TASK PROMPT
Once the line containing "- Autorouting mit" is reached, copy it and every line after it exactly, to the end of the material, without pictures.

:: COLLECTED MATERIAL

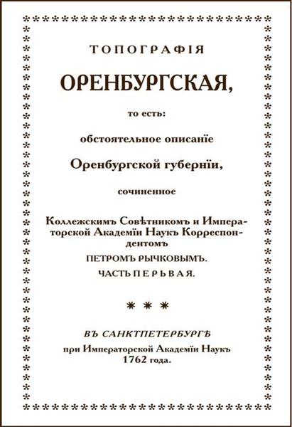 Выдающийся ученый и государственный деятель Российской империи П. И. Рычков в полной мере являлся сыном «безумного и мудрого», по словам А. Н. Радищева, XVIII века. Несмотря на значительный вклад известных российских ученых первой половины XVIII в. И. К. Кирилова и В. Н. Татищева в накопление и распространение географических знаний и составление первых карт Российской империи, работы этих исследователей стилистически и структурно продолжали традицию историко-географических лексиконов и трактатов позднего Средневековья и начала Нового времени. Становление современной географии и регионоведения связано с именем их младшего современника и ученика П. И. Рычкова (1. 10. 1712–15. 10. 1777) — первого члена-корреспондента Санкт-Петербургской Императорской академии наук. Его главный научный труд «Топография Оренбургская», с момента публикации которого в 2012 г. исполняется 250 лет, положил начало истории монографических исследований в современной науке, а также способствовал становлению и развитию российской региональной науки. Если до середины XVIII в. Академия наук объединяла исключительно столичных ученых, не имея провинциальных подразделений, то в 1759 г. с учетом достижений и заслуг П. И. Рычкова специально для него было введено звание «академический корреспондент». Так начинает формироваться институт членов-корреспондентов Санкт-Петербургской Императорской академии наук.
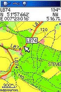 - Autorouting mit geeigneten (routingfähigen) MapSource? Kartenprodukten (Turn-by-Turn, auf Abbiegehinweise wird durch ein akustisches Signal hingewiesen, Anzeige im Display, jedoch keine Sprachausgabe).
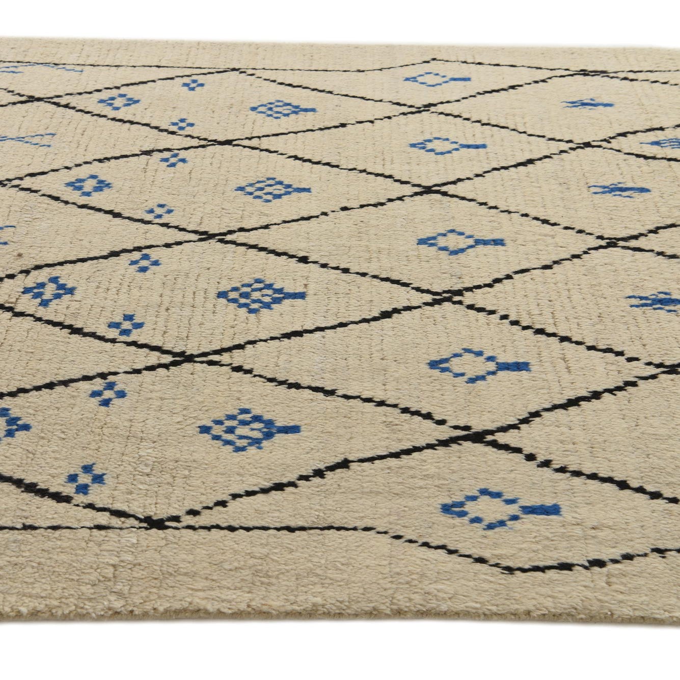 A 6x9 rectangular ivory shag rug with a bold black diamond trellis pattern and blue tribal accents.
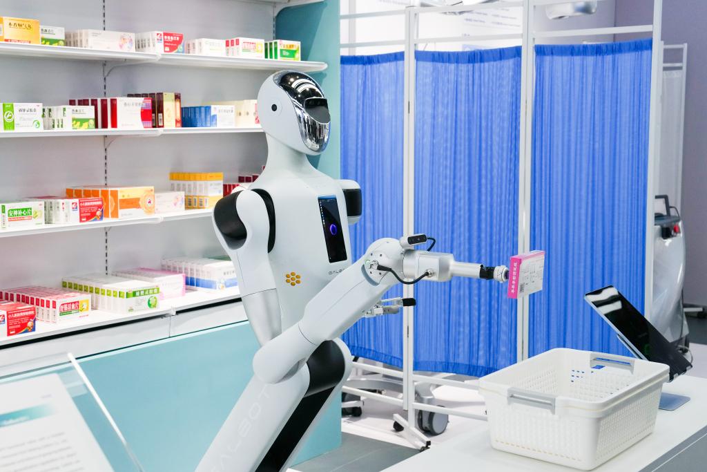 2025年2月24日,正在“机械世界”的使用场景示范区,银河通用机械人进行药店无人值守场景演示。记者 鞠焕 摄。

::::

SOLUTION TO THIS PROBLEM
 - Autorouting mit geeigneten (routingfähigen) MapSource? Kartenprodukten (Turn-by-Turn, auf Abbiegehinweise wird durch ein akustisches Signal hingewiesen, Anzeige im Display, jedoch keine Sprachausgabe).
 A 6x9 rectangular ivory shag rug with a bold black diamond trellis pattern and blue tribal accents.
 2025年2月24日,正在“机械世界”的使用场景示范区,银河通用机械人进行药店无人值守场景演示。记者 鞠焕 摄。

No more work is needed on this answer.